Less Than One Third Of BYOD Employees Being Reimbursed
More and more workers are using personal devices to engage in work, but a significantly low percentage are being properly reimbursed for device activity.
That’s according to a new study by Syntonic and Information Solutions Group (ISG), which created a survey to analyze bring-your-own-device (BYOD) habits and attitudes. Of the respondents, 64% said they use their personal smartphone for work, while only 29% said they receive reimbursement from their companies.
According to the survey, employees are conducting work-related business on their smartphones for an average of 6.7 hours per week outside normal office hours. Of the majority of survey takers – 55% - who voluntarily use their personal smartphone for work purposes, 42% admitted feeling pressured by their employer to use it outside of work, the study showed.

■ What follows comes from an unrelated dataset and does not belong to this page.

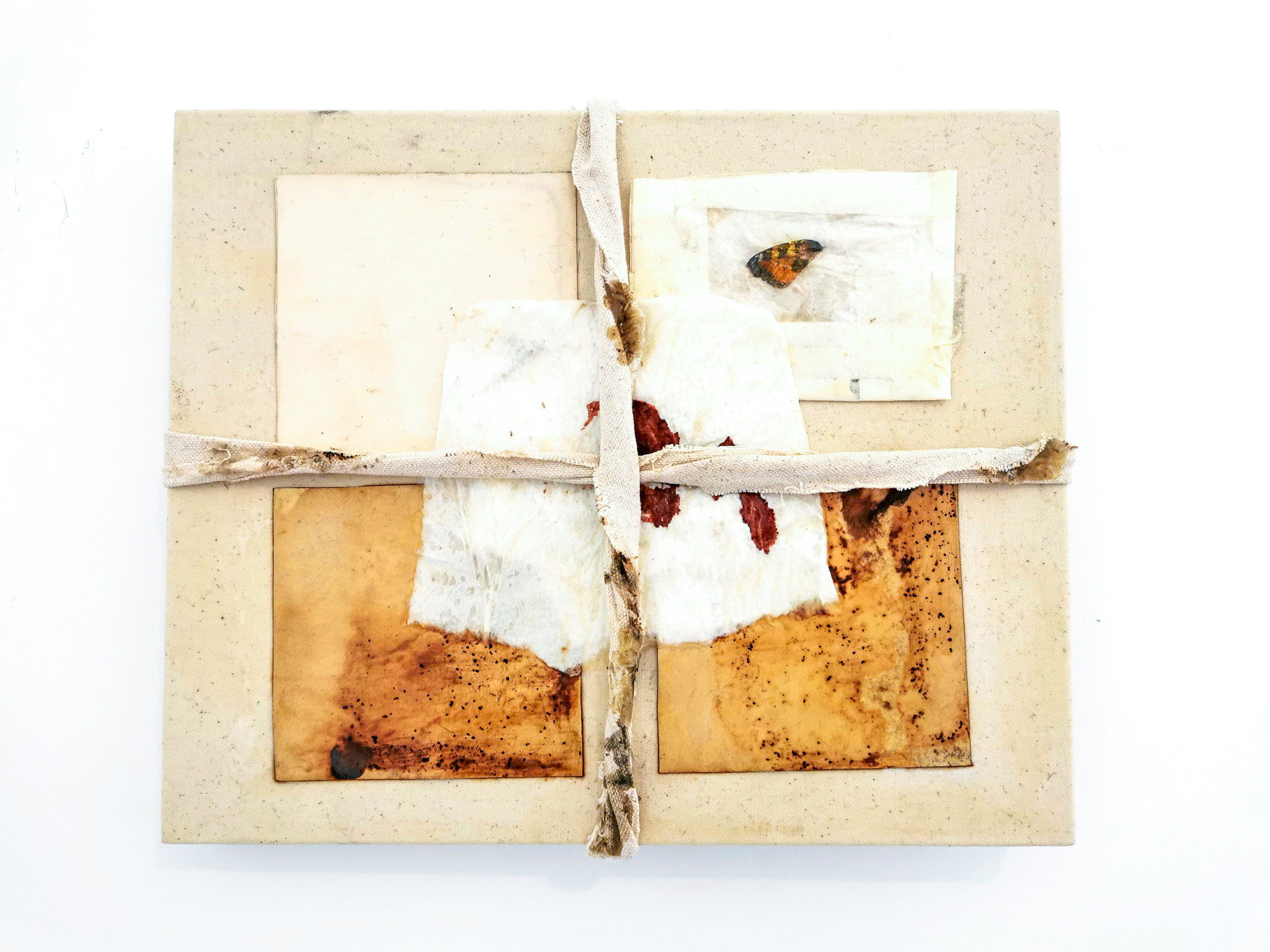 blood, tissue, coffee, paper, butterfly wing, cotton canvas.

There’s no question a BYOD enterprise sees more productivity than companies with no mobile use. The ability for an employee to use their device of choice in the manner that makes them most comfortable improves employee satisfaction, which leads to more happiness in the workplace, hence more productivity.
As the survey shows, however, companies unwilling to reimburse employees for personal mobile device use could threaten to see a loss in those productivity gains. And while users aren’t being reimbursed, they’re also not in touch with their enterprise’s mobile use policies.
In a previous report by Enterprise Mobility Exchange, 51% of survey takers in a different study said they never received instructions for using a personal device at work, and only 39% of those responding said their companies had a formal BYOD policy.
See related: Security Lagging In An Expanding BYOD World
Enterprise Mobility Exchange spoke with a few employees of mobile-friendly companies who shared their thoughts on BYOD policies. One of the men said he now uses his corporate device for personal use, despite some blacklisted apps, and stopped using his personal device because carrying around two phones was frustrating.
Another employee in the sales industry said he uses his personal phone for work purposes and is reimbursed by the company, but admitted he keeps most his personal use on the device to a minimum.
Previous predictions by research center Gartner showed half of employers will require employees to supply their own device for work purposes by 2017. That forecast settled heavily in the midsize and large organizations group for companies with 2,500 to 5,000 employees. On top of that, Gartner suggested companies using a BYOD platform only reimburse employees for smartphone monthly plans, and to never buy or provide a device for the employee.